:: Input records ::
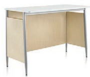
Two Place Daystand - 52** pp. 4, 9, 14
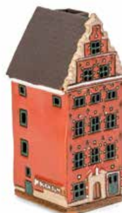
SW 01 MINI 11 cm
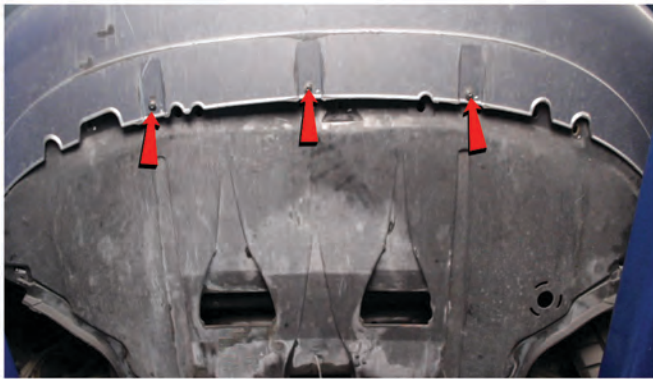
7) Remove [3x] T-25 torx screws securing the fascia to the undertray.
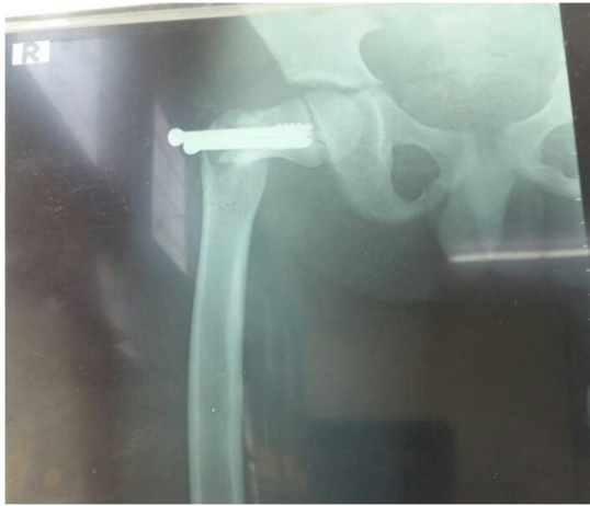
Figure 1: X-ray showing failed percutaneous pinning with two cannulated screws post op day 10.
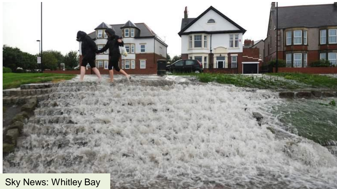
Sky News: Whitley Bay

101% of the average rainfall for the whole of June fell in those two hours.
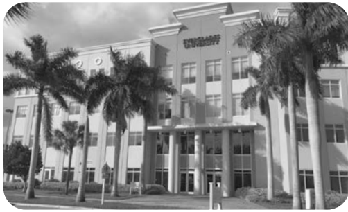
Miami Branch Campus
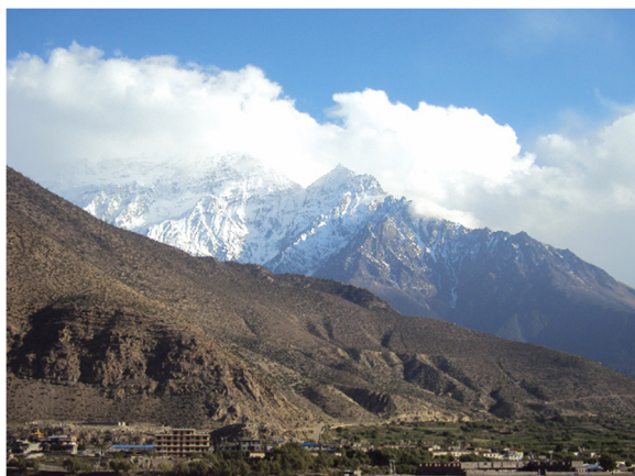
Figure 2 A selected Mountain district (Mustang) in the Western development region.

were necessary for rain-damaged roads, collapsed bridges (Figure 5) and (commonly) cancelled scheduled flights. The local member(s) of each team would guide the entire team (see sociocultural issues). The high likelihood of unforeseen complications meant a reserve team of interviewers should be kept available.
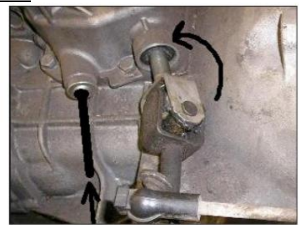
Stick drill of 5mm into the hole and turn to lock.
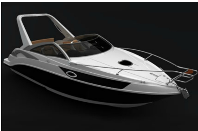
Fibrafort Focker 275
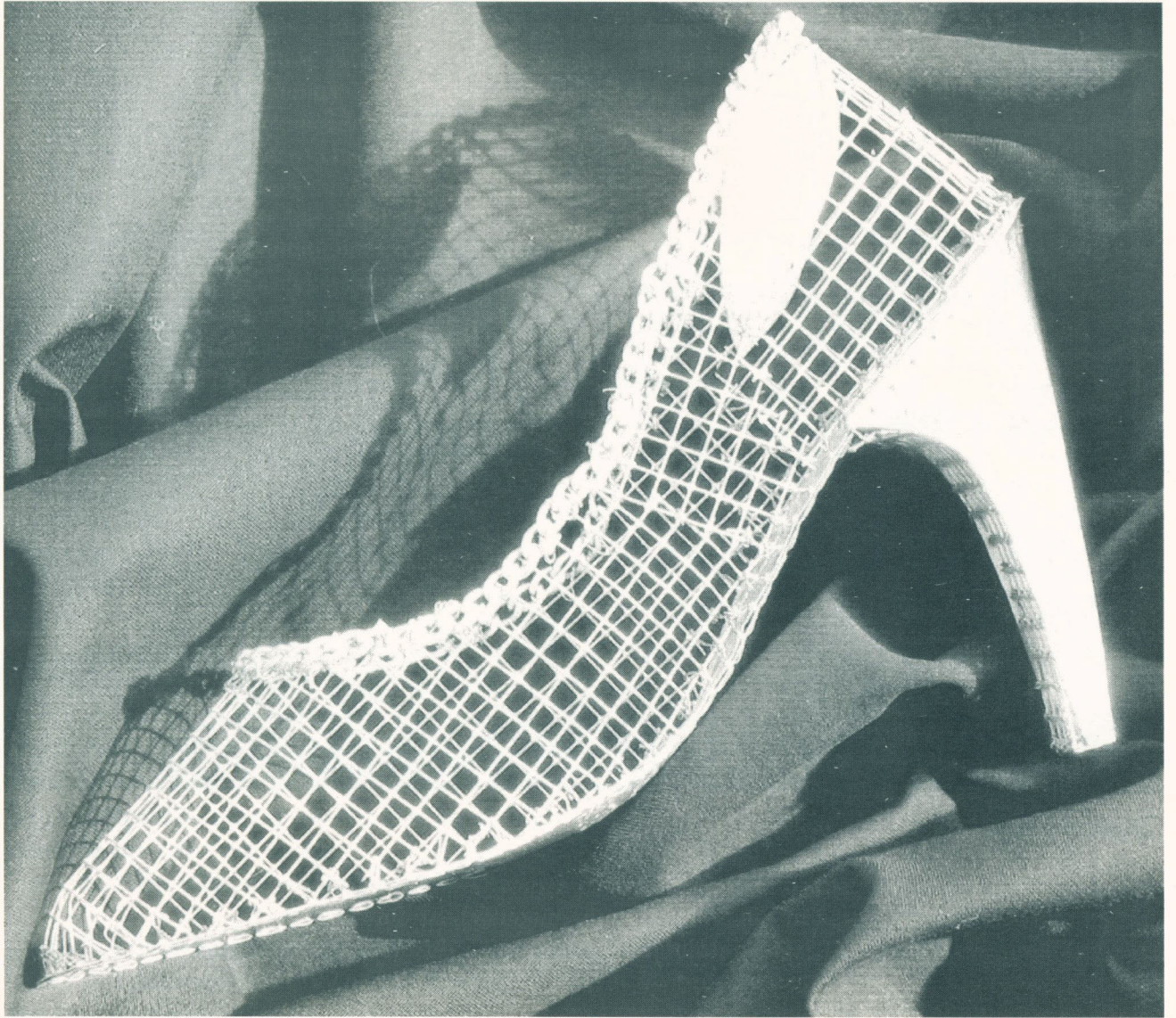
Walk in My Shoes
:::
:: Input records ::
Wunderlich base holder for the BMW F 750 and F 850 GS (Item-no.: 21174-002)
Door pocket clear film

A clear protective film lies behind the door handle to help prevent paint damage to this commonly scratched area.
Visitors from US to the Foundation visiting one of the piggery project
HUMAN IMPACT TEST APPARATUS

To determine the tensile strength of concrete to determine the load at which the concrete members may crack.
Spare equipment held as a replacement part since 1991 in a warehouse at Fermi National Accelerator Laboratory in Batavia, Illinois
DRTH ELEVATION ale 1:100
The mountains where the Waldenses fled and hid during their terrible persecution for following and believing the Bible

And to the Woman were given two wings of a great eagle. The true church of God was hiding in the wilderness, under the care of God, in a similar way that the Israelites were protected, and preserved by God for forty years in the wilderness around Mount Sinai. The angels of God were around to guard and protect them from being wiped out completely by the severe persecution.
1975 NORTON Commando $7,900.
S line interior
:::
:: Input records ::
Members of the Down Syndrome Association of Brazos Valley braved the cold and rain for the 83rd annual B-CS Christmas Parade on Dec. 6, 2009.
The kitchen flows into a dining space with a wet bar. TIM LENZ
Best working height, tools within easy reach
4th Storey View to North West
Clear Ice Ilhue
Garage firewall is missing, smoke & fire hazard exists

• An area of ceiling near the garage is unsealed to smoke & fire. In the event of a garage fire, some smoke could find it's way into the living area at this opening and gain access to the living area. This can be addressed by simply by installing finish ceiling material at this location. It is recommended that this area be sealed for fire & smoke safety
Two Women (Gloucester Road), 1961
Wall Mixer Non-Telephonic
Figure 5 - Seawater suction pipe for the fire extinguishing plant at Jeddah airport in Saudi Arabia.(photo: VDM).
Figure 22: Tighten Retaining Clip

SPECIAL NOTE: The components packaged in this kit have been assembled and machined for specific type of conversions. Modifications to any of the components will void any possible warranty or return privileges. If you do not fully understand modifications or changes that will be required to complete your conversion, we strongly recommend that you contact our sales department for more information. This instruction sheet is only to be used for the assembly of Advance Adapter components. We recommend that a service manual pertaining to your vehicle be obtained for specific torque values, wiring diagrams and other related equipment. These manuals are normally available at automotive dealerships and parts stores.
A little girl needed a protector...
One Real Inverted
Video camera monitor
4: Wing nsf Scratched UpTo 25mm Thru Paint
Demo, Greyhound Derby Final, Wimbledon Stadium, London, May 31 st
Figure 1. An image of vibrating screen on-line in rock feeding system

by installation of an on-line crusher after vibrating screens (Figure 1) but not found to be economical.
:::
Requirement:
Copy only this part of the entries above: the line with "Wall Mixer Non-Telephonic", the line with "by installation of", and the lines between, all exactly as written.

Response to the exercise:
Wall Mixer Non-Telephonic
Figure 5 - Seawater suction pipe for the fire extinguishing plant at Jeddah airport in Saudi Arabia.(photo: VDM).
Figure 22: Tighten Retaining Clip

SPECIAL NOTE: The components packaged in this kit have been assembled and machined for specific type of conversions. Modifications to any of the components will void any possible warranty or return privileges. If you do not fully understand modifications or changes that will be required to complete your conversion, we strongly recommend that you contact our sales department for more information. This instruction sheet is only to be used for the assembly of Advance Adapter components. We recommend that a service manual pertaining to your vehicle be obtained for specific torque values, wiring diagrams and other related equipment. These manuals are normally available at automotive dealerships and parts stores.
A little girl needed a protector...
One Real Inverted
Video camera monitor
4: Wing nsf Scratched UpTo 25mm Thru Paint
Demo, Greyhound Derby Final, Wimbledon Stadium, London, May 31 st
Figure 1. An image of vibrating screen on-line in rock feeding system

by installation of an on-line crusher after vibrating screens (Figure 1) but not found to be economical.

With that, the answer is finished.